Task details: From the material below, reproduce exactly the stretch of lines that begins with the line holding "We report spin-polarized" and ends with the line holding "assure you: Unless", skipping the pictures.

Records for the task:
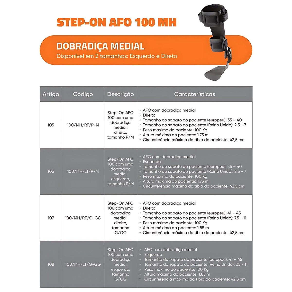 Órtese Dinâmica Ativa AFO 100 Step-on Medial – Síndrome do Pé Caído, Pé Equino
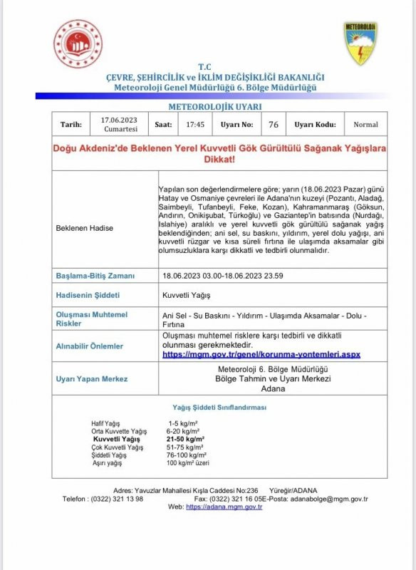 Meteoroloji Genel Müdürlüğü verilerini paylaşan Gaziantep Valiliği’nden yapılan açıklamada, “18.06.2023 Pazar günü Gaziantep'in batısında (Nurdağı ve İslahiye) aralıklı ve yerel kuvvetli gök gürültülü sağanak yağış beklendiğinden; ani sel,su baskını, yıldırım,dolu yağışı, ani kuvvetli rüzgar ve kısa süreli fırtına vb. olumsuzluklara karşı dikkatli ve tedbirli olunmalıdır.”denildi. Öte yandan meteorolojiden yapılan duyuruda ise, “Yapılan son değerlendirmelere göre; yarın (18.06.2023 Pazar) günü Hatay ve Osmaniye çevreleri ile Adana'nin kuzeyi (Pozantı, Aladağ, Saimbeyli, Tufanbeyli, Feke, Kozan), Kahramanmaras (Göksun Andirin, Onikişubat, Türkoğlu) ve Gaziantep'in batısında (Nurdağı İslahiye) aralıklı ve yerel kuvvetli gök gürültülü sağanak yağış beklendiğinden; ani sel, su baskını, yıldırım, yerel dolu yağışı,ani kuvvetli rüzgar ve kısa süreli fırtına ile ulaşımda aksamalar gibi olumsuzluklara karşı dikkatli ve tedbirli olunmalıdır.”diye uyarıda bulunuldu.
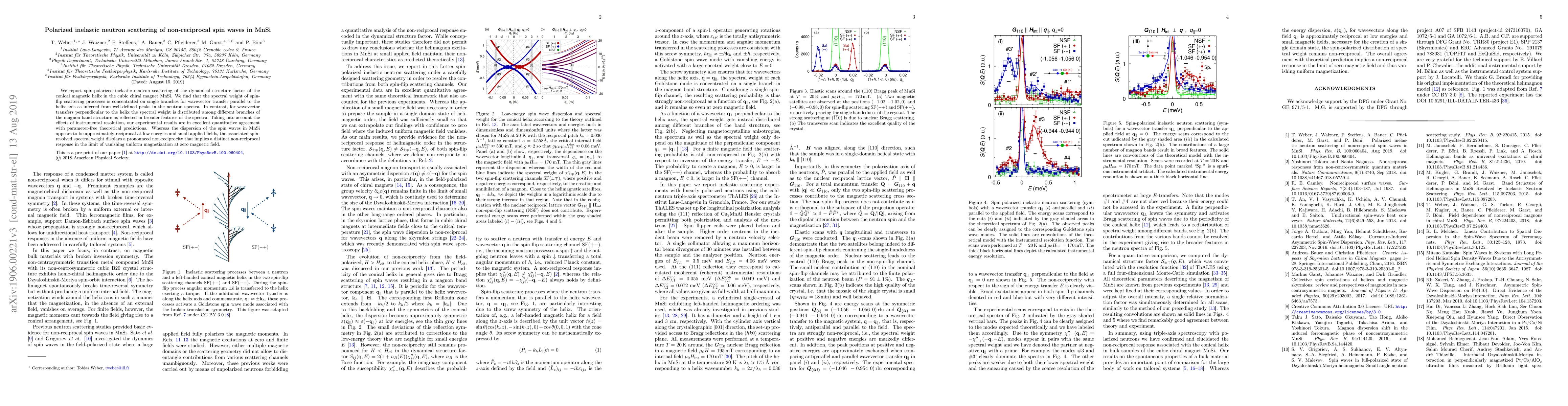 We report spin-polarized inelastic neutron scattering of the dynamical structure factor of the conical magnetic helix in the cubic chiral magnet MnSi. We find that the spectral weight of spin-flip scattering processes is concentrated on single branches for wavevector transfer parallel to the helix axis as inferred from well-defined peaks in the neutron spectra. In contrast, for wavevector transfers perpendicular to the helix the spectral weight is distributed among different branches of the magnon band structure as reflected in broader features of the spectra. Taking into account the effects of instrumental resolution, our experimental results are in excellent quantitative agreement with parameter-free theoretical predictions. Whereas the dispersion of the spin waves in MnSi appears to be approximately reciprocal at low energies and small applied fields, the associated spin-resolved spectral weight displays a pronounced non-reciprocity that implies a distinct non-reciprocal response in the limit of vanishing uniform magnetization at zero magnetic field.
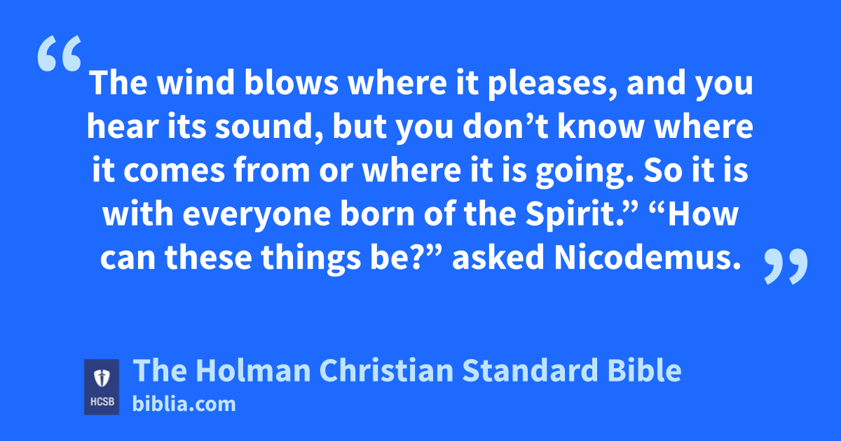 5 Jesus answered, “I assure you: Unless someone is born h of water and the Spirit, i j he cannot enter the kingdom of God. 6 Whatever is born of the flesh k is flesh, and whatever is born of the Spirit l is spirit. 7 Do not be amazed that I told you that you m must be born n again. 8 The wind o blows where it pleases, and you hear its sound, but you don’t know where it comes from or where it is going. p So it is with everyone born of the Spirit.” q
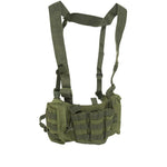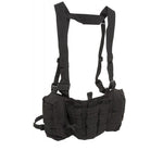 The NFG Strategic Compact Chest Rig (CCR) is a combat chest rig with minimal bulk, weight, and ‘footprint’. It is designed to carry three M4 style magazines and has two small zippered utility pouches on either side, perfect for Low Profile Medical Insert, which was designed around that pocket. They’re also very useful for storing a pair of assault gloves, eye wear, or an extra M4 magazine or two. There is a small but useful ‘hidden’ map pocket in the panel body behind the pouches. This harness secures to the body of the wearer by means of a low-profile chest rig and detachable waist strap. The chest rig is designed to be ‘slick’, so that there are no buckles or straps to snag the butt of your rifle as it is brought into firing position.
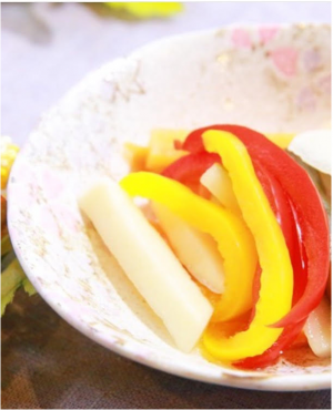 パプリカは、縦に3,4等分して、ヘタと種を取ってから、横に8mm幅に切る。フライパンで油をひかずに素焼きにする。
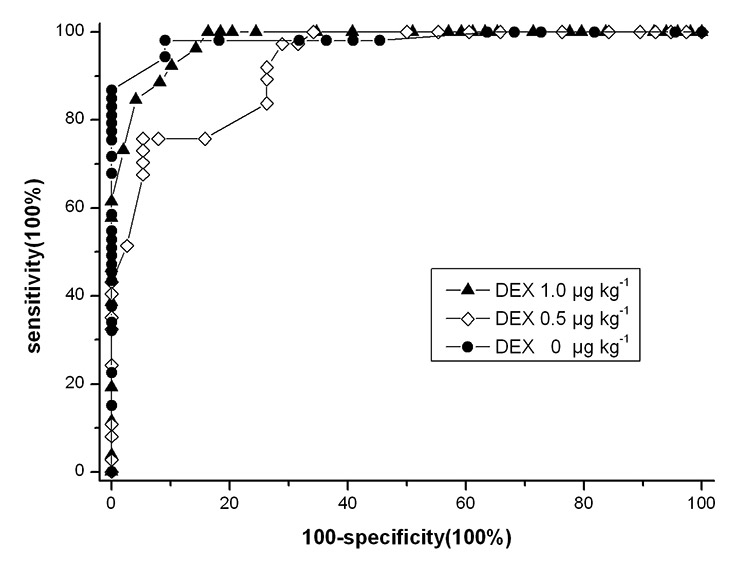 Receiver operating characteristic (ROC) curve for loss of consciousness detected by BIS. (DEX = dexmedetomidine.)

...

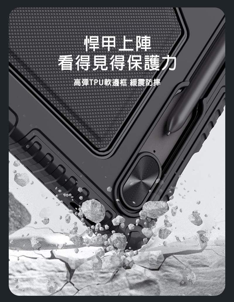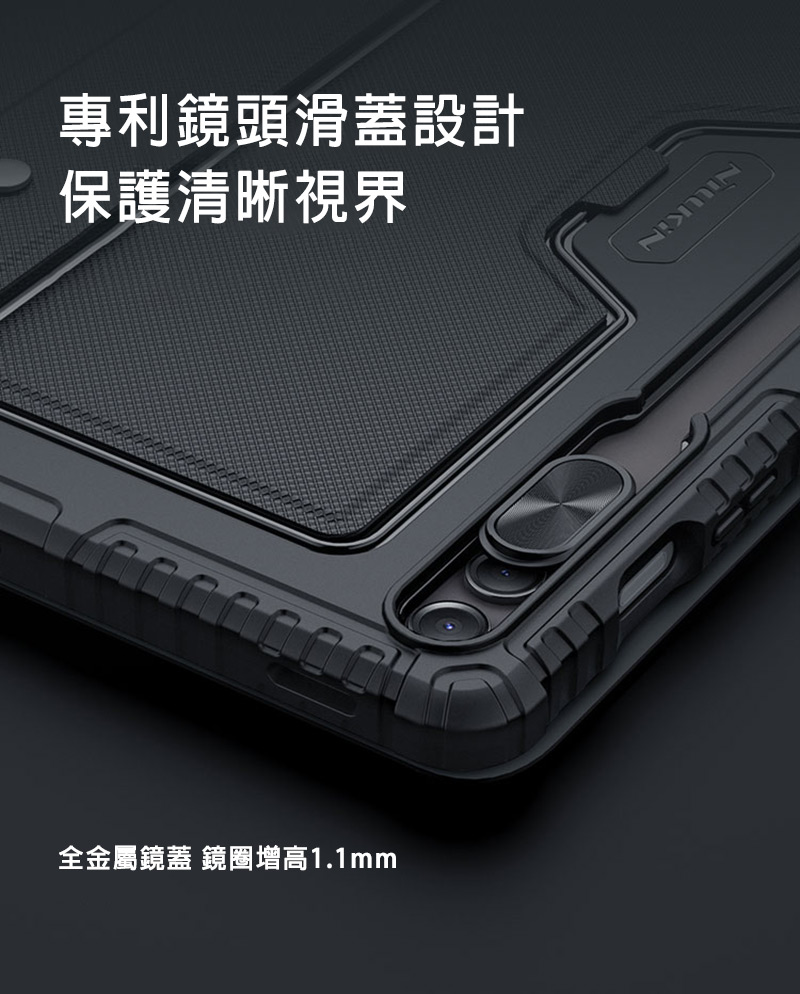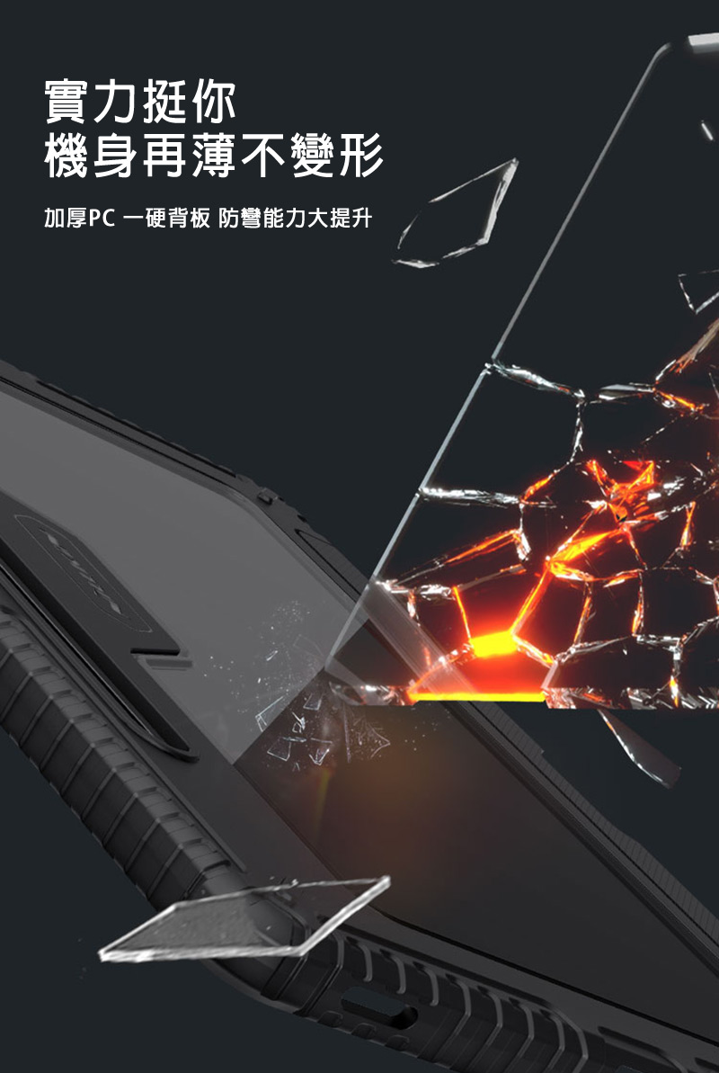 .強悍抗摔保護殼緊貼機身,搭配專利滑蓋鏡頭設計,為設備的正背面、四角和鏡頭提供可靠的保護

==

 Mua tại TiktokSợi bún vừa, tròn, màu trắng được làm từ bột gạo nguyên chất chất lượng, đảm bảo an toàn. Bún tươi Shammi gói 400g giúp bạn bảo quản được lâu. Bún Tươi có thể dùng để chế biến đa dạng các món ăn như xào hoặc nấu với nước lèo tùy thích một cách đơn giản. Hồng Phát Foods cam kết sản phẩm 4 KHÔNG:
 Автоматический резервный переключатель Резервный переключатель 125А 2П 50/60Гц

Output for this task:
 We report spin-polarized inelastic neutron scattering of the dynamical structure factor of the conical magnetic helix in the cubic chiral magnet MnSi. We find that the spectral weight of spin-flip scattering processes is concentrated on single branches for wavevector transfer parallel to the helix axis as inferred from well-defined peaks in the neutron spectra. In contrast, for wavevector transfers perpendicular to the helix the spectral weight is distributed among different branches of the magnon band structure as reflected in broader features of the spectra. Taking into account the effects of instrumental resolution, our experimental results are in excellent quantitative agreement with parameter-free theoretical predictions. Whereas the dispersion of the spin waves in MnSi appears to be approximately reciprocal at low energies and small applied fields, the associated spin-resolved spectral weight displays a pronounced non-reciprocity that implies a distinct non-reciprocal response in the limit of vanishing uniform magnetization at zero magnetic field.
 5 Jesus answered, “I assure you: Unless someone is born h of water and the Spirit, i j he cannot enter the kingdom of God. 6 Whatever is born of the flesh k is flesh, and whatever is born of the Spirit l is spirit. 7 Do not be amazed that I told you that you m must be born n again. 8 The wind o blows where it pleases, and you hear its sound, but you don’t know where it comes from or where it is going. p So it is with everyone born of the Spirit.” q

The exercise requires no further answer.